# Horror movies



## ToxicZombie (Oct 5, 2010)

It's that time a year again. Anybody know some horror movies I should check out? I'm not interested in The Ring, The Grudge, or any other Japanese shit, or PG-13 jump scare crap like Paranormal Activity. Keep it nice and bloody. Other than that, I'm open to anything.


----------



## Skittle (Oct 5, 2010)

-points at disturbing movie thread-


----------



## ToxicZombie (Oct 5, 2010)

skittle said:


> -points at disturbing movie thread-



I want horror, not movies with puking.


----------



## Skittle (Oct 5, 2010)

ToxicZombie said:


> I want horror, not movies with puking.


 Way to not even look through the thread.

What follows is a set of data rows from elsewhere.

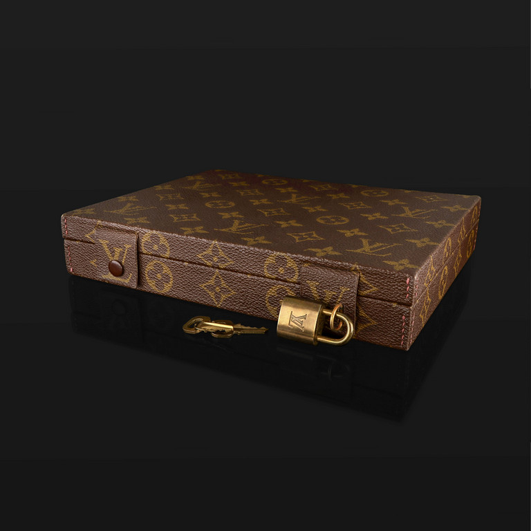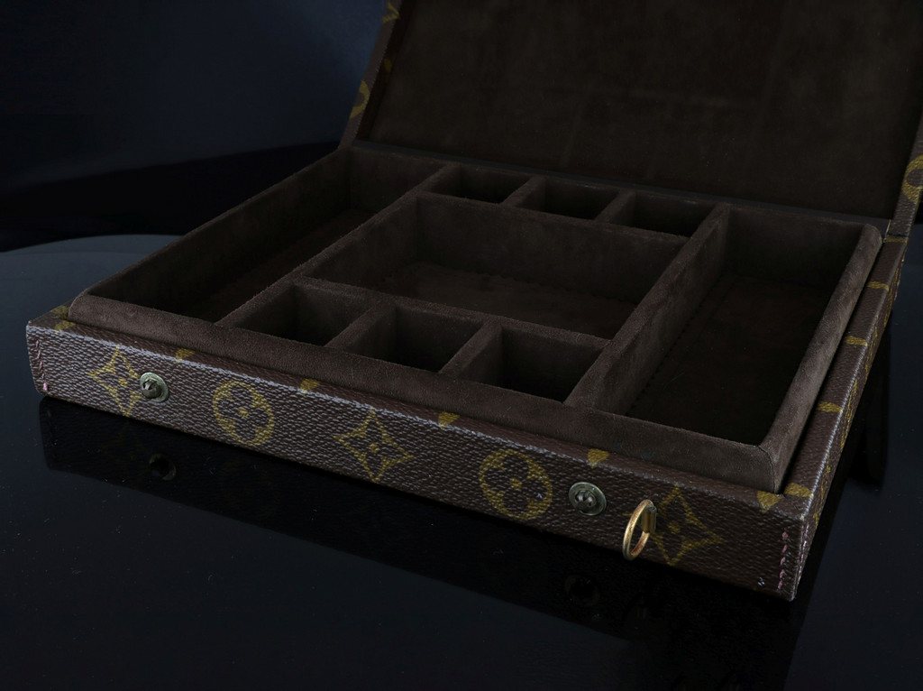 LOUIS VUITTON - raffinato porta gioielli da viaggio in ottimo stato di conservazione decorato con il classico pattern monogram. Lucchetto di sicurezza con doppia chiave 2 scomparti per orologi/bracciali 6 porta anelli e scomparto centrale di 9 5 x 7 5 cm.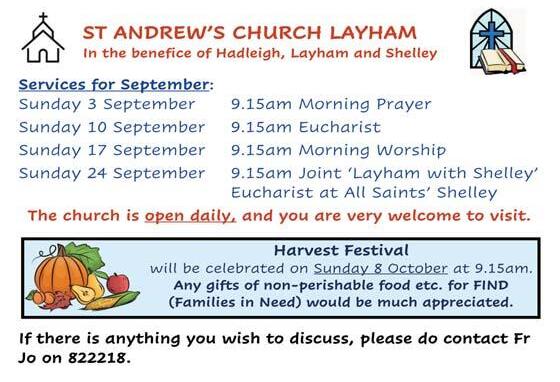 Community News September 2023 Contactless payments accepted www.beaumontcarssuffolk.co.uk info@beaumontcarssuffolk.co.uk Cars up to 8 seats available for local and long distance & SMS 07909 771321 Beaumont Cars 01473 855111 chapmanstickels.co.uk 01473 372 372 info@chapmanstickels.co.uk The Corn Exchange, Market Place, Hadleigh IP7 5DN Providing unrivalled local knowledge, combining traditional service with a modern marketing approach Suffolk and North Essex Estate Agents • Lettings • Valuations • Land chapmanstickels.co.uk 01473 372 372 info@chapmanstickels.co.uk The Corn Exchange, Market Place, Hadleigh IP7 5DN Part of Investeq Holdings Limited Estate Agents • Lettings • Valuations • Land Providing unrivalled local knowledge, combining traditional service with a modern marketing approach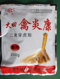 禽炎康 【性 状】本品为黄褐色或灰黄色的粉末,气芳香,味苦。 【功能主治】清热解毒。抗菌消炎,止痛,抗病毒。主治感冒发热,呼吸道感染,支喉气管炎;瘟热症,鸡瘟,鸭瘟,鹅瘟等;大肠杆菌病,禽霍乱,鸡葡萄球菌病,细菌性下痢,肠炎;鸭浆膜炎,大头瘟,小鹅瘟,花肝病。鸽瘟,鸽痢。 【用法用量】治疗:用本品一包200克拌料200公斤,重症加倍,连用5天。 预防:用本品一包200克拌料300公斤,连用3天。 【不良反应】标准暂无规定。 【注意事项】标准暂无规定。 【规 格】200g/包 【包 装】复合膜袋,每袋1包 【生产企业】广西大银田兽药有限公司? |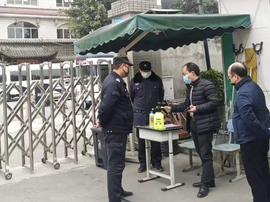 ▲工作室核心成员、眉山市东坡区苏辙中学杨勇校长督导抗疫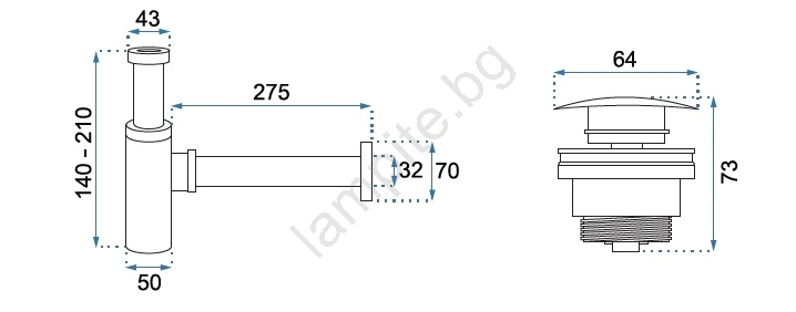 REA-A6952 - Сифон за умивалник с изпускател CLICK-CLACK, диаметър 6,4 см, бял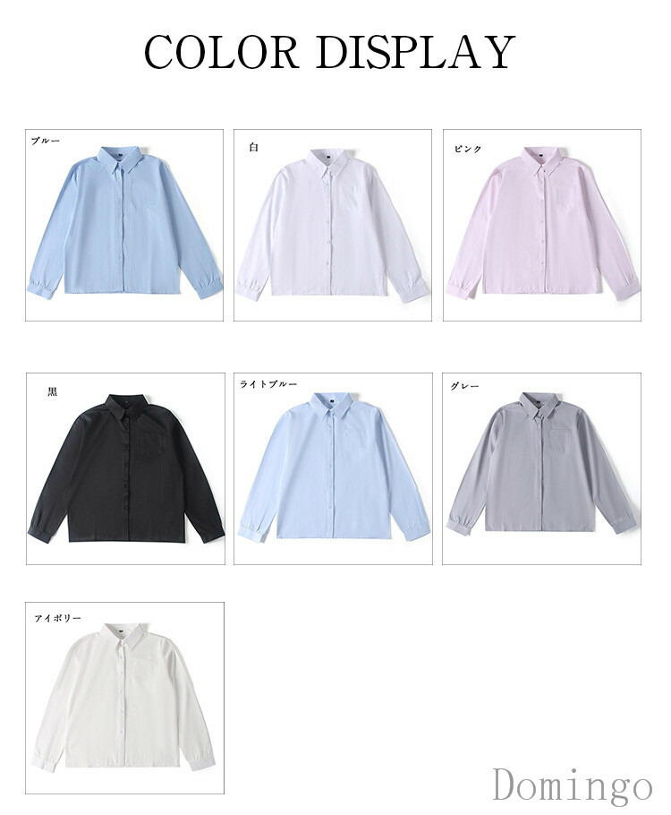 スクール シャツ ワイシャツ 制服 長 白 黒 アイボリー グレー ブルー ライトブルー ピンク XS S M L XL 2XL 3XL 4XL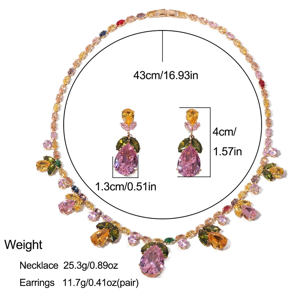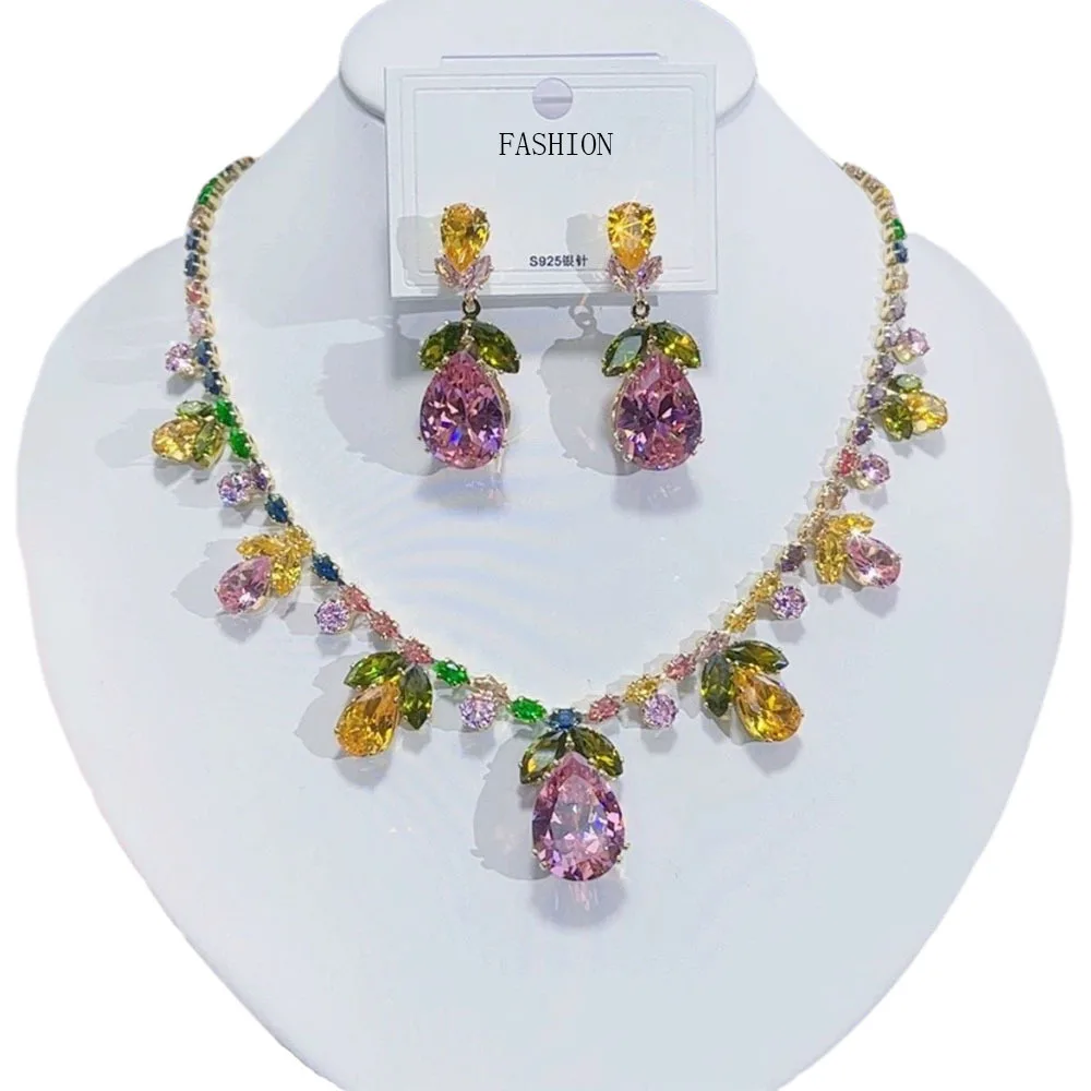 Luxury Waterdrop Pendant Jewelry Set Earring Pink Necklace For Women Bridal Wedding Exquisite Fashion Zircon Party Banquet Gift

Also, be good to know like, what kind of horror movies. Sci-fi, fantasy, slasher, supernatural, gorefests, etc. There are quite a few types to narrow it down.


----------



## ToxicZombie (Oct 5, 2010)

skittle said:


> Way to not even look through the thread.
> 
> Also, be good to know like, what kind of horror movies. Sci-fi, fantasy, slasher, supernatural, gorefests, etc. There are quite a few types to narrow it down.


 
I mainly like slasher and zombie movies. I've seen all the big ones like Nightmare on Elm Street, Dawn of the Dead, and the like, so I want some more obscure stuff.


----------



## Riley (Oct 5, 2010)

Watch the Sci-Fi channel on Saturday nights.  They're certainly obscure.


----------



## ToxicZombie (Oct 5, 2010)

Riley said:


> Watch the Sci-Fi channel on Saturday nights.  They're certainly obscure.



I'm not that desperate.


----------



## Skittle (Oct 5, 2010)

Obscure? Haha. Do you just like straight up gore or does it HAVE to have some semblance of a plot?


----------



## ToxicZombie (Oct 5, 2010)

skittle said:


> Obscure? Haha. Do you just like straight up gore or does it HAVE to have some semblance of a plot?



There's a difference between obscure and shitty. For example, Morbid Saint = obscure, while Attack Attack = shitty. And no, I'm always up for a good gorefest.


----------



## Skittle (Oct 5, 2010)

ToxicZombie said:


> There's a difference between obscure and shitty. For example, Morbid Saint = obscure, while Attack Attack = shitty. And no, I'm always up for a good gorefest.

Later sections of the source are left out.